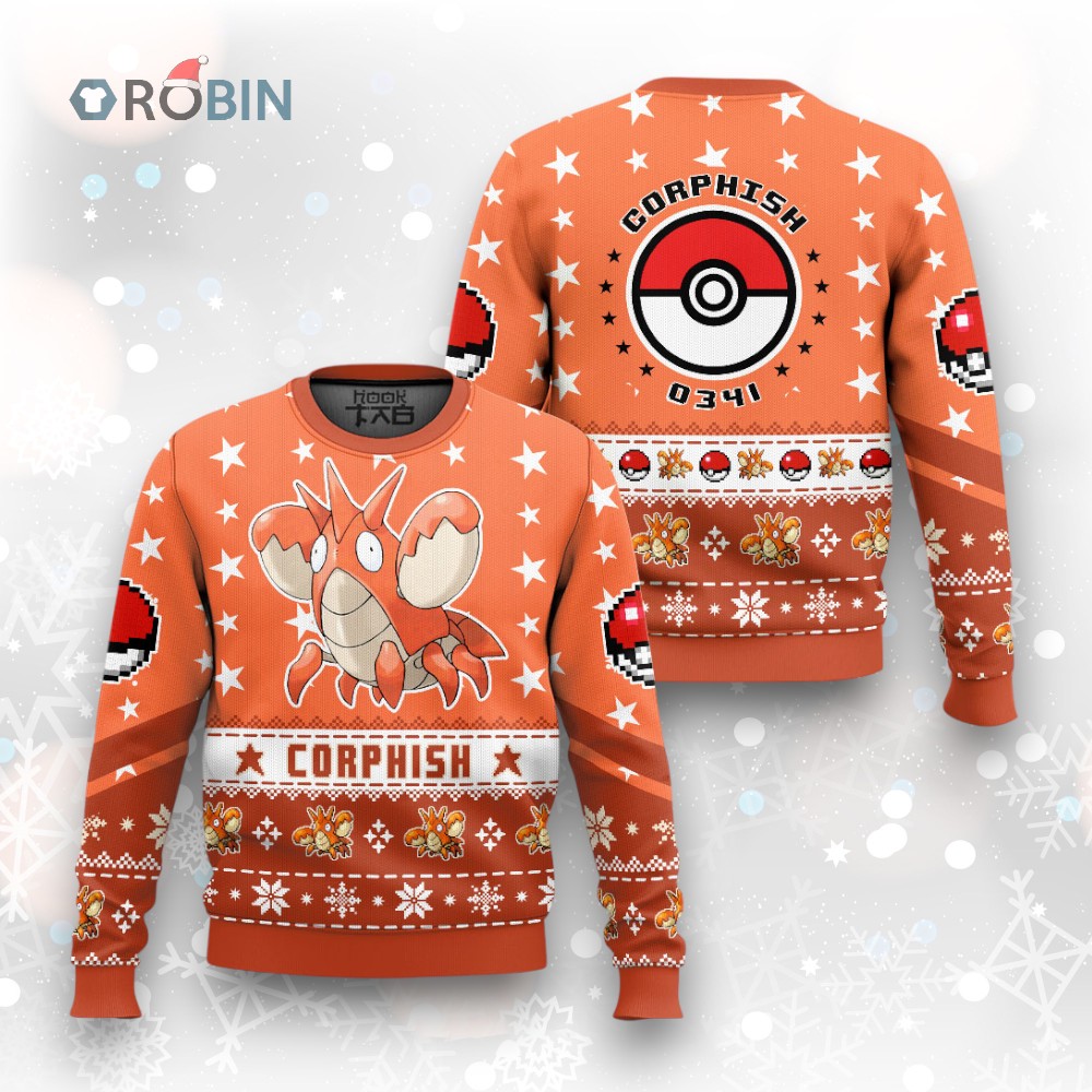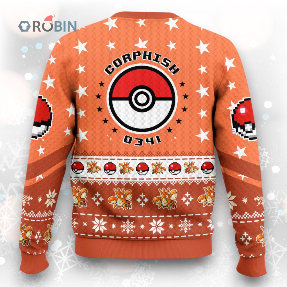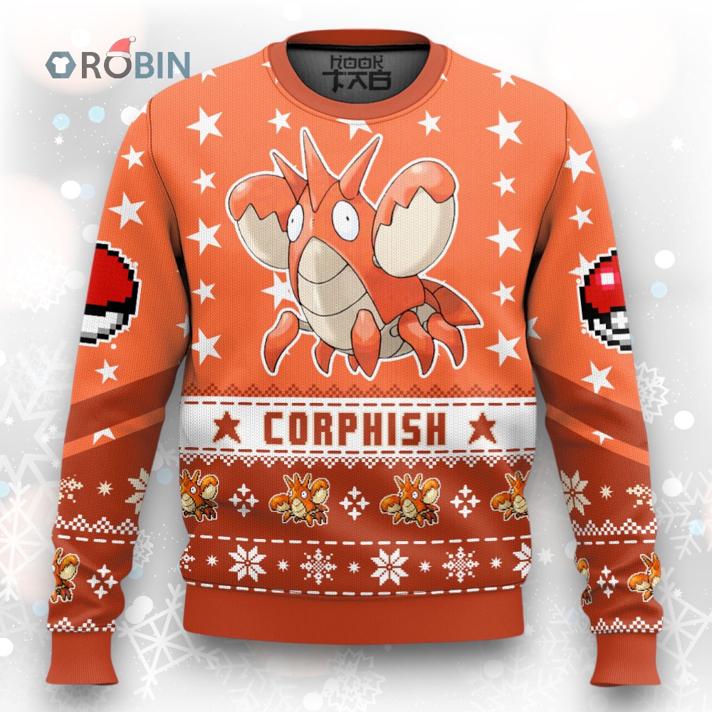 Corphish is ready to pinch his way into your heart this holiday season! This cozy sweater features the rambunctious Rough Skin Pokemon in all his Gen 3 glory. Perfect for adding a little Water-type cheer to your Christmas festivities. Get yours before they're all snatched up!
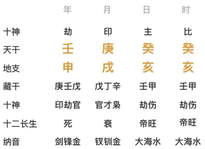 庚金正印贴身,癸亥日出生,日坐亥水临孤辰,性格偏内敛,月令戌土为正官,年支申金和与月干庚金为正印,均为正星,人也相对偏正统一些。
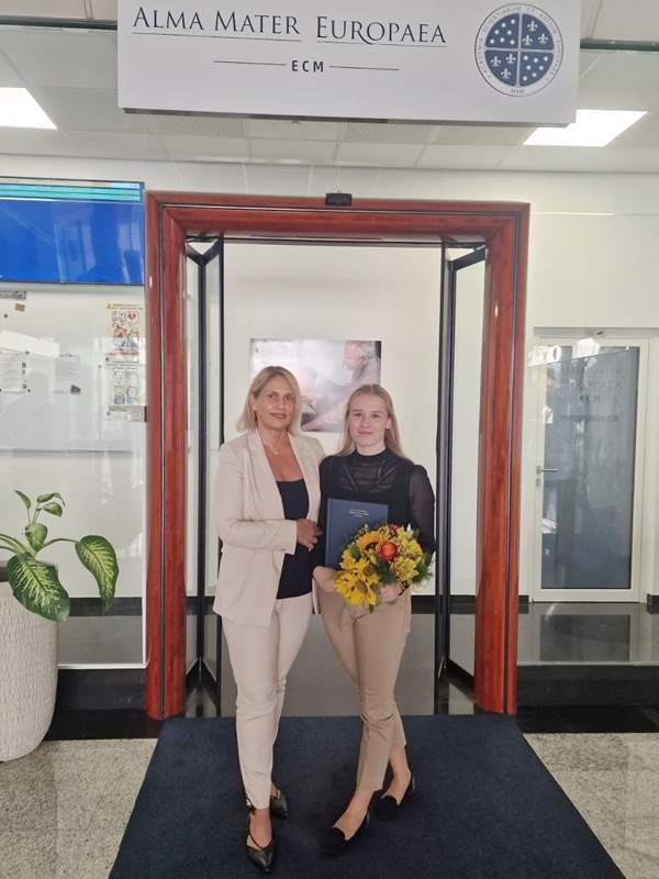 Zelo aktivna in uspešna študentka fizioterapije na Alma Mater Klara Trček, ki je tudi predsednica tutorjev na Alma Mater, je uspešno zagovarjala svoje diplomsko delo na temo učinkovitosti neinvazivne možganske stimulacije na motorično funkcijo zgornjega uda pri pacientih po možganski kapi, ki je nastalo pod mentorstvom pred. Tatjane Horvat.
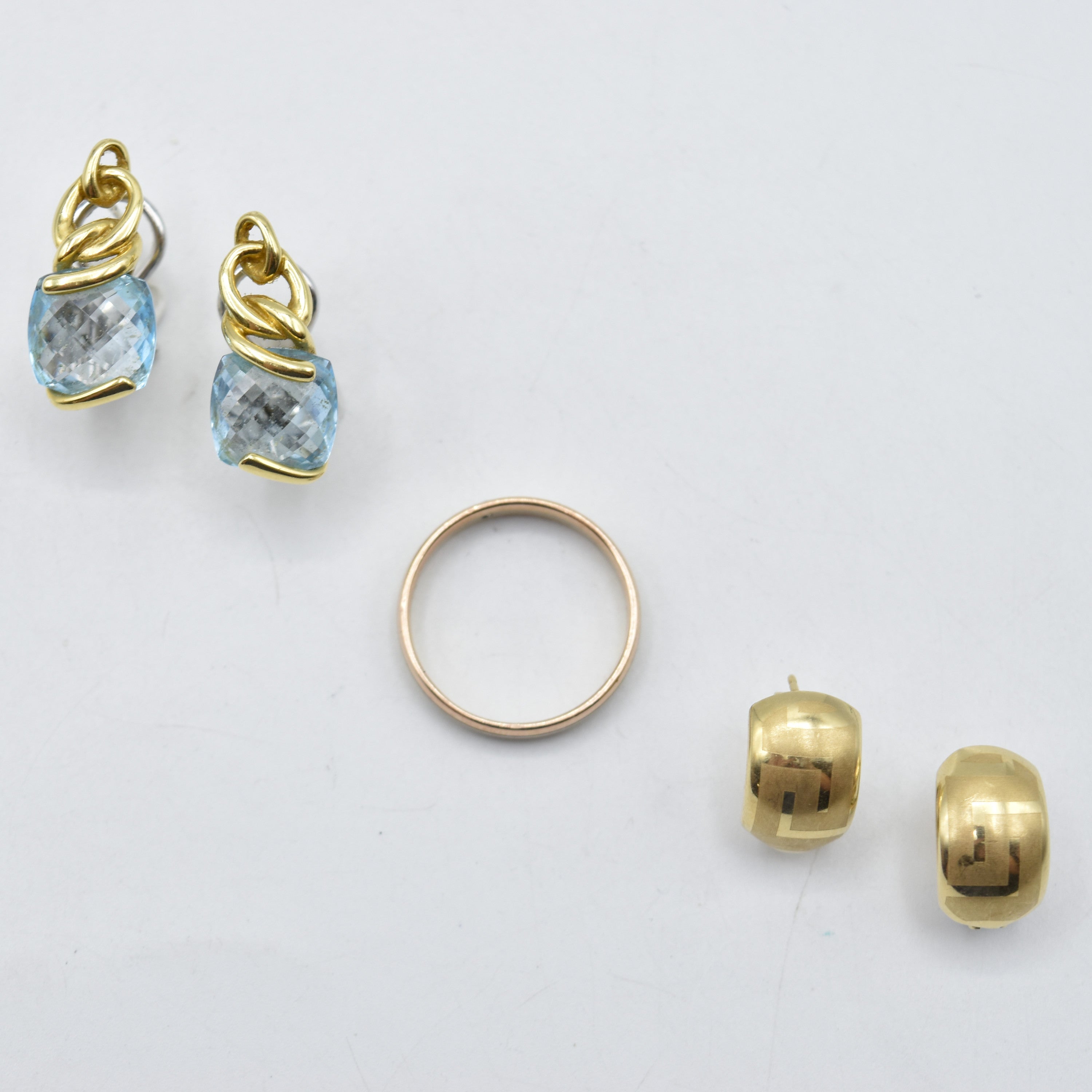 2 oorringen in 18 kt geel- en witgoud (kleurstenen) - 11 g bruto Trouwring en 2 oorringen in 14 kt 3-kleurengoud bezet met 1 briljant +/- 0.04 kt (gedeelten in metaal, gegraveerd, gepersonaliseerd, gedeukt) - 6.7 g bruto

.....

What the task asks: Provide the listing above once more, exactly, with the pictures removed.

Answer for this exercise:
 Corphish is ready to pinch his way into your heart this holiday season! This cozy sweater features the rambunctious Rough Skin Pokemon in all his Gen 3 glory. Perfect for adding a little Water-type cheer to your Christmas festivities. Get yours before they're all snatched up!
 庚金正印贴身,癸亥日出生,日坐亥水临孤辰,性格偏内敛,月令戌土为正官,年支申金和与月干庚金为正印,均为正星,人也相对偏正统一些。
 Zelo aktivna in uspešna študentka fizioterapije na Alma Mater Klara Trček, ki je tudi predsednica tutorjev na Alma Mater, je uspešno zagovarjala svoje diplomsko delo na temo učinkovitosti neinvazivne možganske stimulacije na motorično funkcijo zgornjega uda pri pacientih po možganski kapi, ki je nastalo pod mentorstvom pred. Tatjane Horvat.
 2 oorringen in 18 kt geel- en witgoud (kleurstenen) - 11 g bruto Trouwring en 2 oorringen in 14 kt 3-kleurengoud bezet met 1 briljant +/- 0.04 kt (gedeelten in metaal, gegraveerd, gepersonaliseerd, gedeukt) - 6.7 g bruto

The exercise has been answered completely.